To put it in the simplest terms, Mandy is gorgeous. From the neon lighting, to the over abundance of wonderfully filmed close up emotional shots, to the terrific final shot of the film that expands on the world that Cage’s Red lives in. The fire effects, the beautifully shot and crafted weapons, along with expansive sets were all eye opening. They reminded the viewer of the wonders of a film from the ‘80s while creating a unique modern tone on top of it all. The religious themes on top of everything else made an even bigger impact. More so than that of such a film as the religious based horror Red State from Kevin Smith (I just had to bring that into this conversation because it was lodged in my head). I can’t name a single set that is poorly crafted, even the little things like the bedroom where Red and Mandy sleep is mysterious and bewildering. There was no clear obvious set designs within, and the ones that went truly out there with the design really won me over. Namely, the church scene at the film’s conclusion had me verbally remarking on how amazing it all looked.
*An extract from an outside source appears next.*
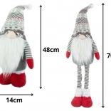 Creëer thuis een betoverend winters tafereel met een kabouter die meegroeit met je decor. Dankzij de telescopische benen stel je de hoogte eenvoudig in van 50 tot 70 cm, zodat hij perfect past op een plank, dressoir, vensterbank of onder de kerstboom. De zachte textiele afwerking, de lange witte baard en de grijs gemotifeerde muts geven je interieur een Scandinavische charme.

It’s a truly incredible looking film that at first seems a little pretentious, only to settle into its own strange qualities and really go a different way than you would expect it to progress.
Impressive is not even close to how I feel about the final product that is Mandy. Why doesn’t this review explore more details? Why’s it so repetitive? Because there’s not a reason to ramble on and on about the small things that will bewilder and stun. Go out and see it. It’s a film that I promise you won’t forget and as a Nic Cage fan I was highly satisfied. While it will not make general audiences love the entire picture, there’s certainly moments that even haters of the full runtime can get behind and think “wow, I’m glad I saw that.” Or, at the very least you’ll fade to black having a single thought coursing through your mind: “What the F**k Did I Just Watch?!”